A local alignment searches for regions of local similarity between two sequences and need not include the entire length of the sequences. Local alignment methods are very useful for scanning databases or other circumsatnces when you wish to find matches between small regions of sequences, for example between protein domains.
Dynamic programming methods ensure the optimal local alignment by exploring all possible alignments and choosing the best. It does this by reading in a scoring matrix that contains values for every possible residue or nucleotide match. water finds an alignment with the maximum possible score where the score of an alignment is equal to the sum of the matches taken from the scoring matrix.
An important problem is the treatment of gaps, i.e., spaces inserted to optimise the alignment score. A penalty is subtracted from the score for each gap opened (the 'gap open' penalty) and a penalty is subtracted from the score for the total number of gap spaces multiplied by a cost (the 'gap extension' penalty).
Typically, the cost of extending a gap is set to be 5-10 times lower than the cost for opening a gap.
There are two ways to compute a penalty for a gap of n positions :
gap opening penalty + (n - 1) * gap extension penalty gap penalty + n * gap length penalty
The first way is used by EMBOSS and WU-BLAST
The second way is used by NCBI-BLAST, GCG, Staden and CLUSTAL.

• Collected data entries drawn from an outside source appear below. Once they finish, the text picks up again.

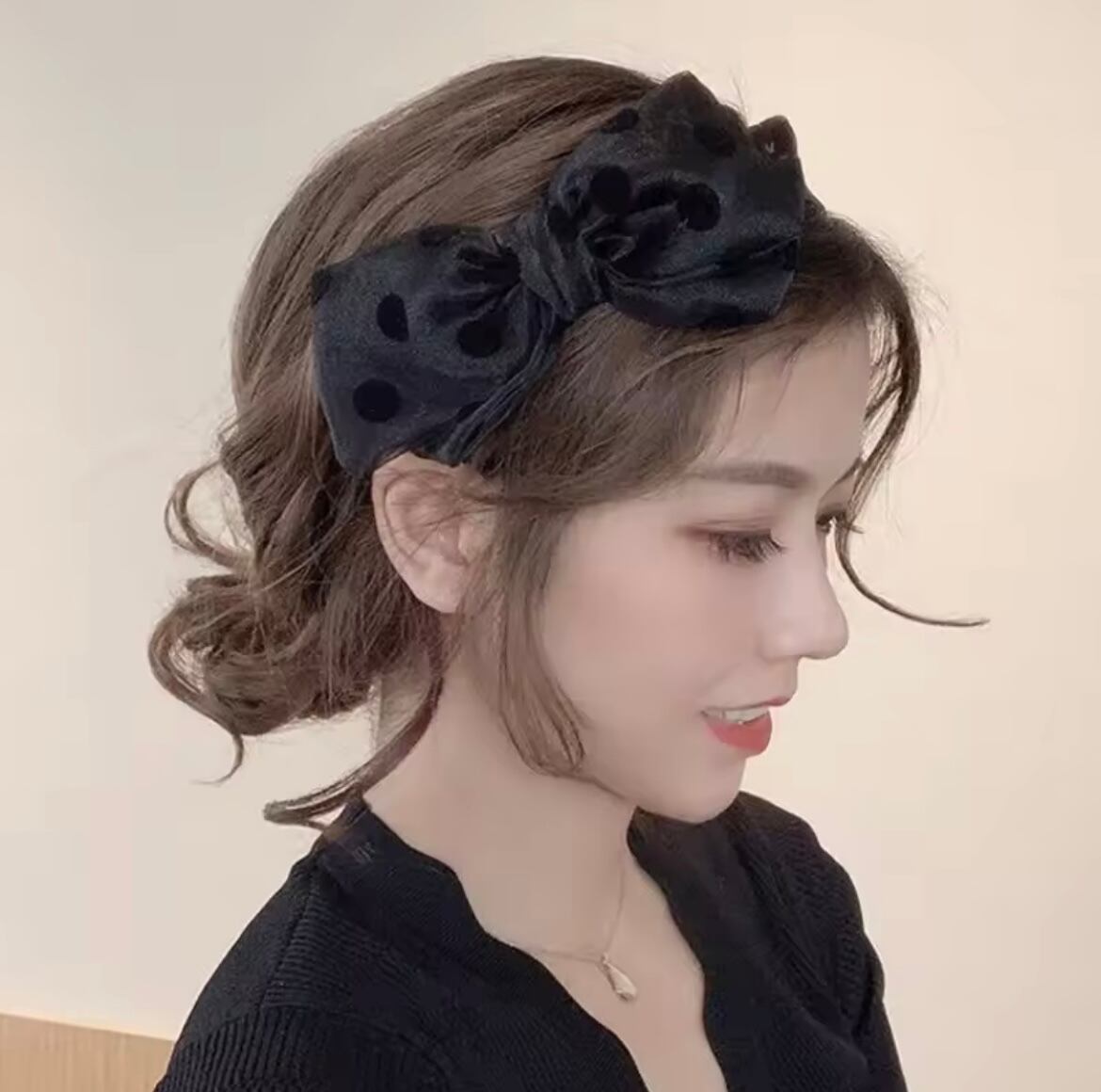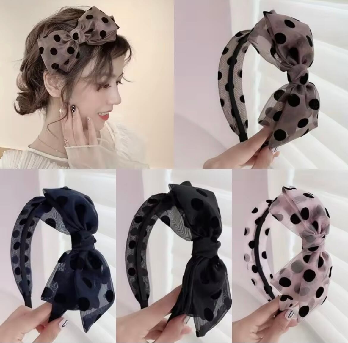 ドットオーガンジーのリボンカチューシャ。
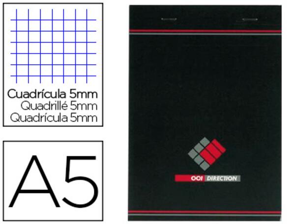 Bloc agrafé en tête, couverture vernie. 200 pages détachables, 70 g/m². Réglure 5 x 5. Produit certifié PEFC.
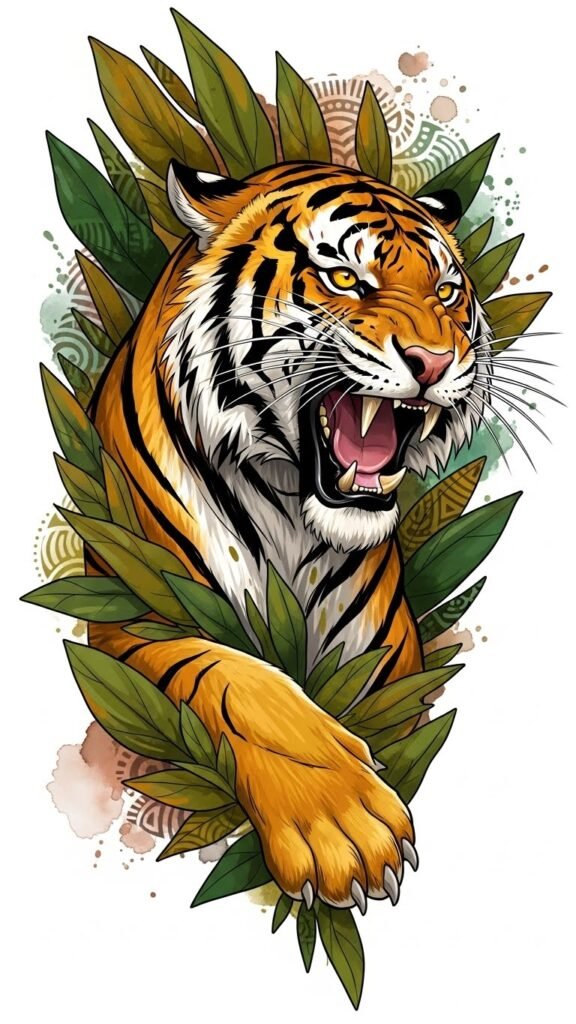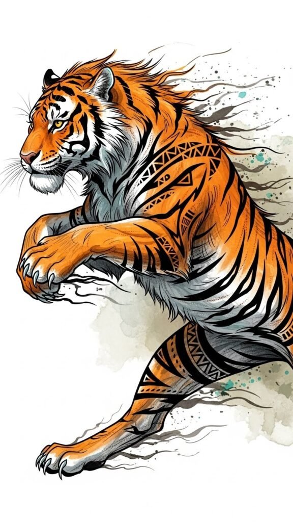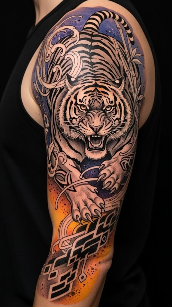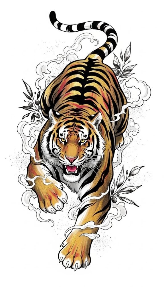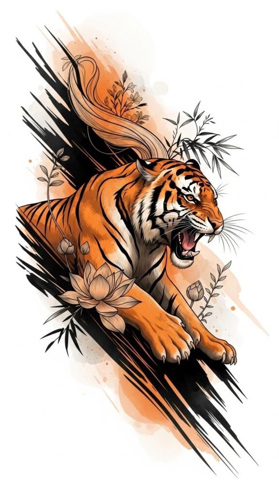 Ideal placements are the upper arm, shoulder blade, or chest where the tiger’s forward motion can follow the body’s natural lines; shading and negative-space elements allow the piece to age gracefully and integrate with existing tattoos.
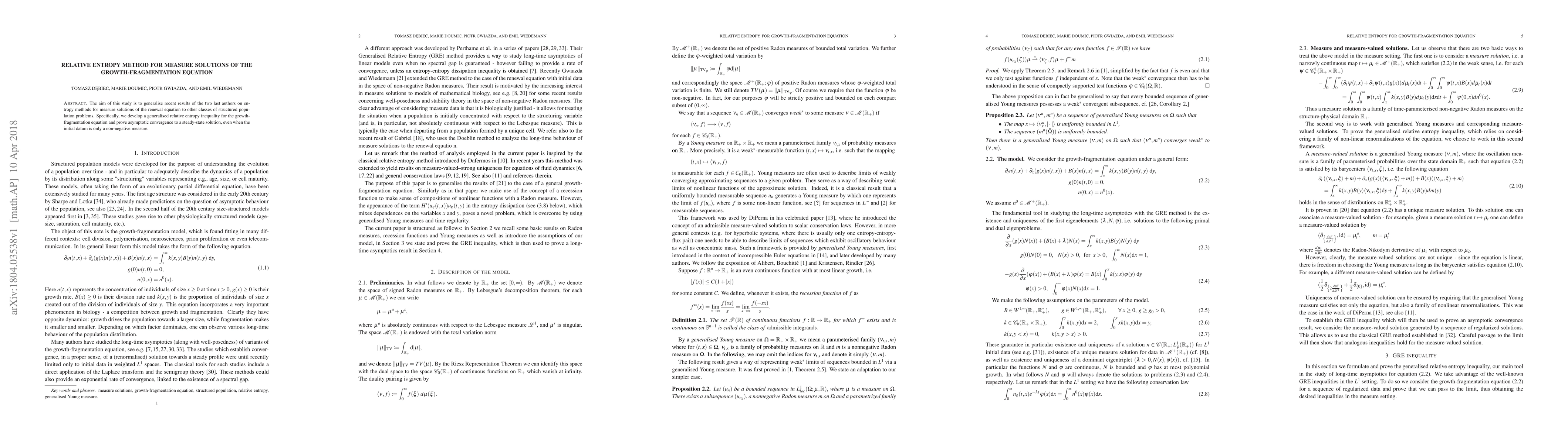 The aim of this study is to generalise recent results of the two last authors on en-tropy methods for measure solutions of the renewal equation to other classes of structured population problems. Specifically, we develop a generalised relative entropy inequality for the growth-fragmentation equation and prove asymptotic convergence to a steady-state solution, even when the initial datum is only a non-negative measure.
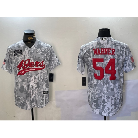 >Men's San Francisco 49ers #54 Fred Warner Arctic Camo 2024 Salute to Service Stitched Baseball Jersey
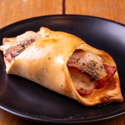 Recheada com frango desfiado, requeijão cremoso e muçarela
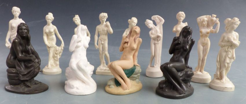 A group of Heredities and other classical style figures and an Art Nouveau style Portuguese lustre vase
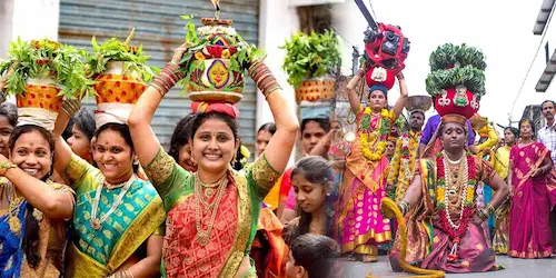 Bonalu Telangana: షాఢమాసం వచ్చిందంటే చాలు లష్కర్ బోనాల(lashkar bonalu) కోలాహలం మొదలవుతుంది. పోతురాజుల నృత్యాలు, “ జోగినుల పూనకాలు, డప్పుచప్పుళ్లు. తొట్టెల ఊరేగింపు, ఫలహారం బండ్ల ఊరేగింపుతో లష్కర్ జాతర జన జాతరలా మారుతుంది. రెండు తెలుగు రాష్ట్రాలతో పాటు దేశ విదేశాల నుంచి అమ్మవారిని దర్శించుకునేందుకు భక్తులు పెద్ద సంఖ్యలో తరలి వస్తారు. లష్కర్ జాతర సమయంలో శ్రీ ఉజ్జయినీ మహాకాళీ అమ్మవారి ఆలయానికి వచ్చే దారులన్నీ భక్తులతో నిండిపోతాయి. మహంకాళీ మాతాకీ జై! నినాదాలతో ఆ ప్రాంతమంతా మార్మోగిపోతుంది.
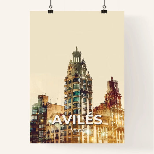 Avilés City Art Skyline Composite Poster Design - A building with a tower
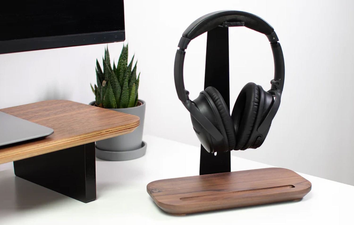 With the Headphone Stand, exactly such a place is created and the desk is upgraded at the same time.
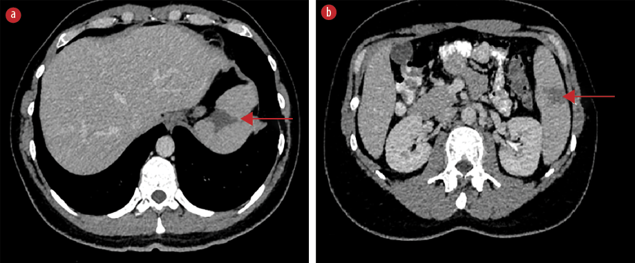 Figure 1: Axial contrast-enhanced CT scan demonstrating wedge-shaped hypodense splenic lesions without contrast enhancement indicative of splenic infarcts (red arrows), (a) located at the T10 level and at (b) the
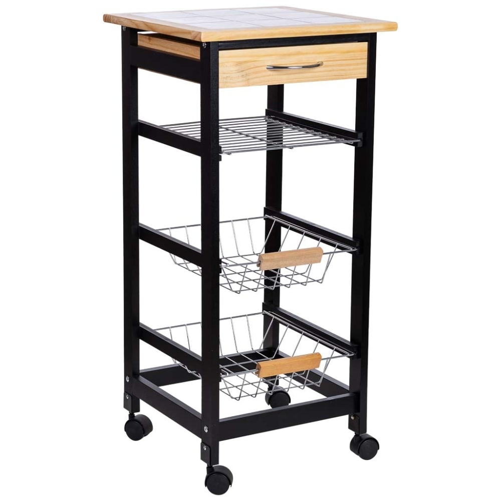 Questo carrello da cucina in legno dalle dimensioni 37x37x76 cm è ideale per riporre e organi...
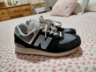 Zapatillas deportivas New Balance modelo 574. Combinan tonos negros y azules con detalles en gris y blanco. Se han usado pero están bien conservadas. - Diseño clásico de la marca. - Paneles de ante y malla. - Logo 'N' lateral en azul claro. - Suela ENCAP.
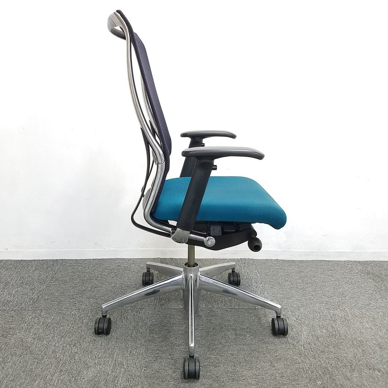 - 大きな曲線を描くフレームと表裏で見え方が変わる特殊メッシュで構成された背もたれ、そして2層構造の技術によって実現できた快適ながらも薄い座面は、先進的でありながらも柔らかさのあるスタイリッシュなデザインを実現しています。
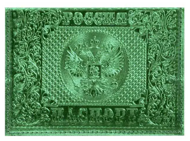 Обложка для паспорта из натуральной кожи, металлик зеленый, тисн.блинтовое"РОССИЯ-ПАСПОРТ-ГЕРБ"
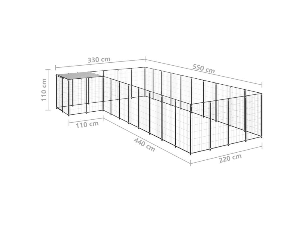 Psí kotec černý 13,31 m² ocel 3082238
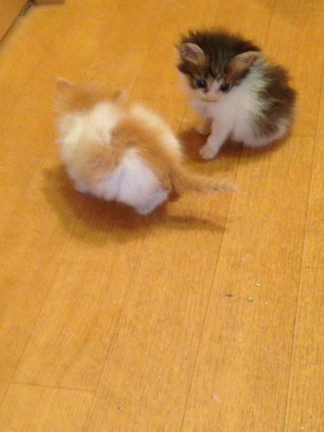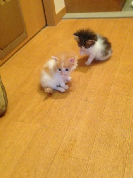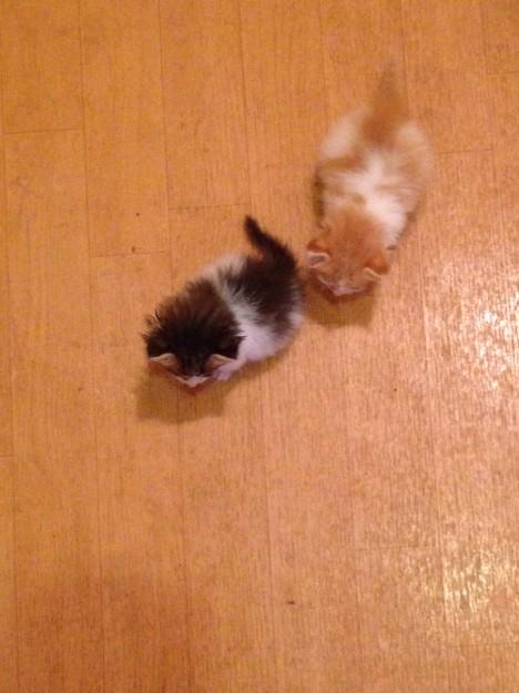 兄 おなかが空いたにゃ・・・(ぺろぺろ)
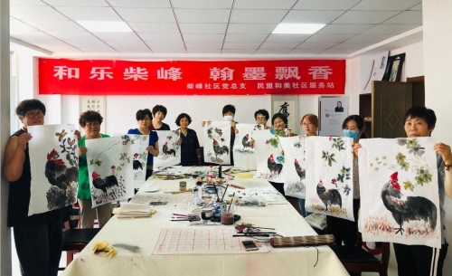 国画课堂复课后,田村社区、金峰塔社区、宏泰社区的“学生们”陆陆续续来到社区活动室,盛水、泡笔、裁纸,大家边动手边讨论画作技巧,国画课的老师们分别教大家学习作画荷花、牵牛花、樱桃、牡丹……在老师的专业指导下,大家根据教学步骤开始作画,经过几个小时的创作,一幅幅色彩鲜明、风格多样的作品很快呈现在大家面前。
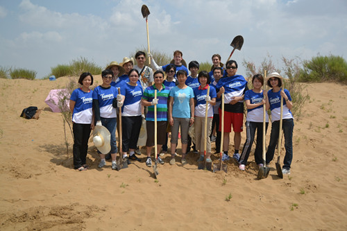 幫助困境母親,建設幸福家庭2012年6月25日-27日,由愛生雅旗下衛生用品北亞和所屬全日美公司中國區域的員工、分銷商以及供應商代表共17人遠赴寧夏回族自治區靈武市,舉辦“愛生雅治沙造林”公益活動。此次活動是愛生雅集團與全日美公司首次聯合參與的集體公益活動。
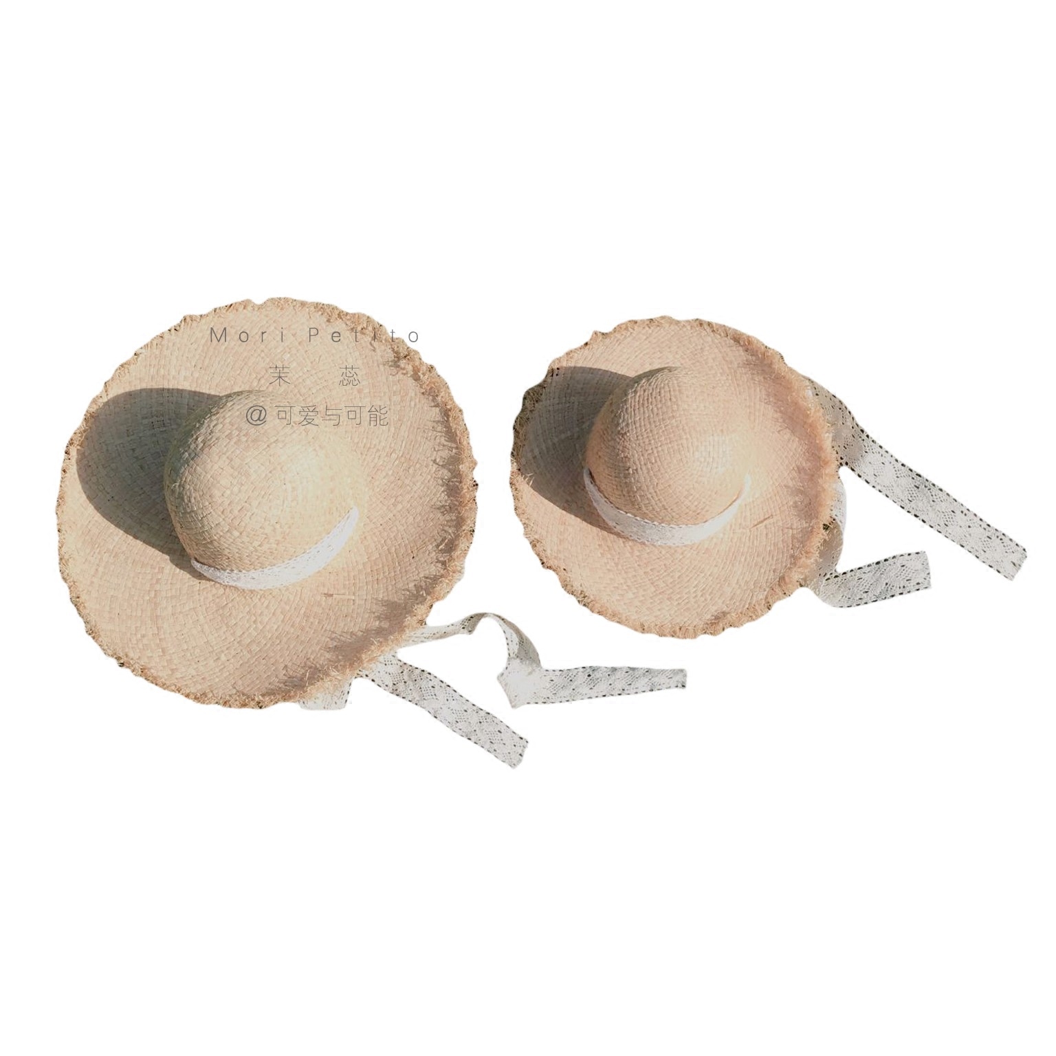 Children's straw hat holiday parent-child hat mother and girl straw hat female summer small fresh tie sweet and cute beach shade
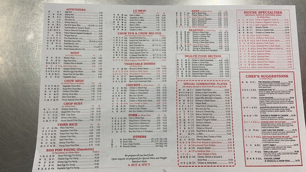 combining various find food into one dish, such as lobster meat, chicken, jumbo shrimp and center cut roast pork with fresh vegetables delightfully flavored with our special seasoning
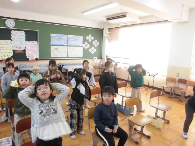 の「さ」のところで手をたたいたりジャンプをしたり立ったり。
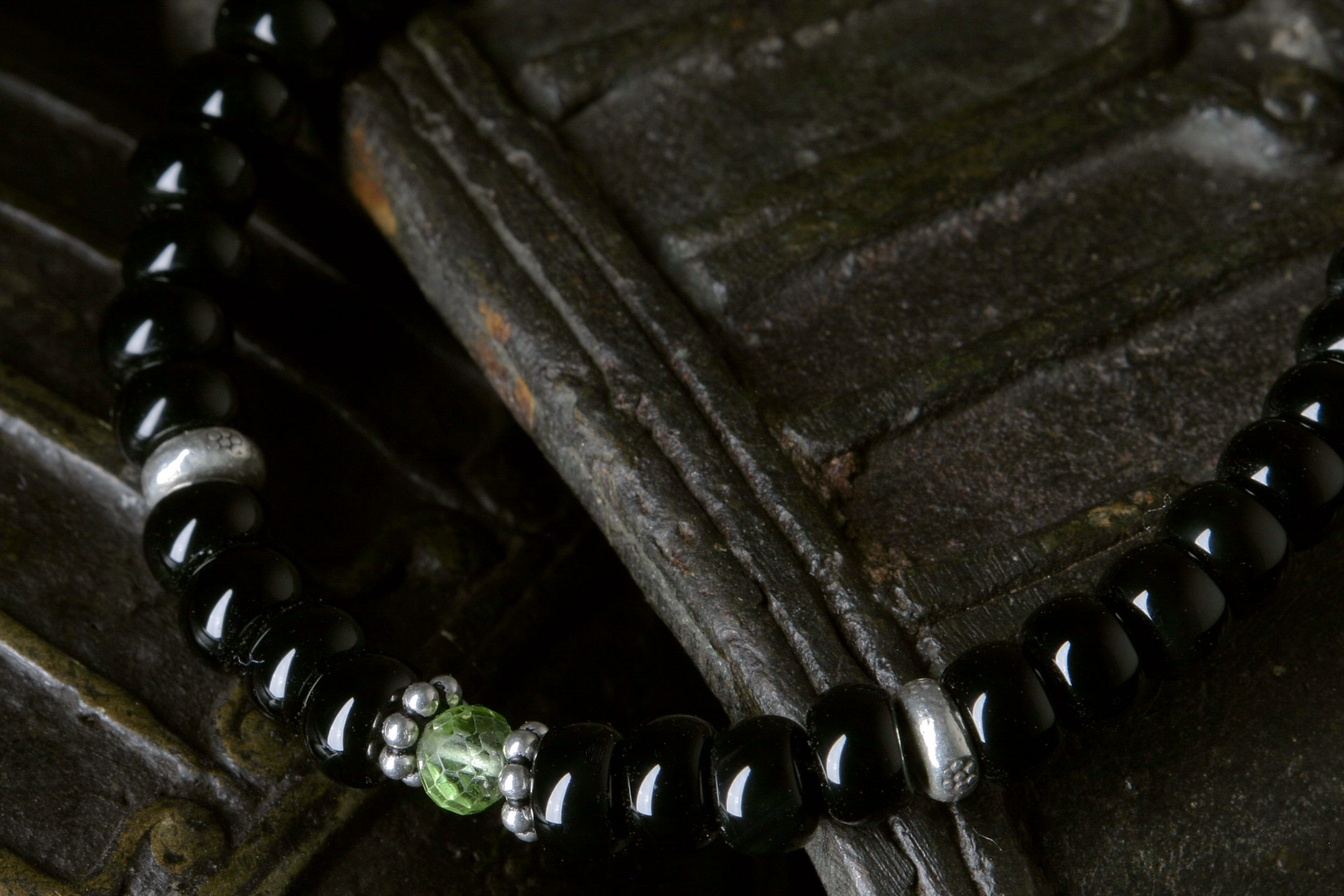 カレン族シルバー 萌え立つ緑 ペリドット 漆黒の輝き オニキス ビーズ ブレスレット アンクレット 魔除け SV950 a06-58

Fasta used it for a long time the first way, but Prof. Pearson decided
recently to shift to the second.
The two methods are basically equivalent.
The Smith-Waterman algorithm contains no negative scores in the path matrix it creates. The algorithm starts the alignment at the highest path matrix score and works backwards until a cell contains zero.
See the Reference Smith et al. for details.
|
The Identity: is the percentage of identical matches between the two sequences over the reported aligned region (including any gaps in the length).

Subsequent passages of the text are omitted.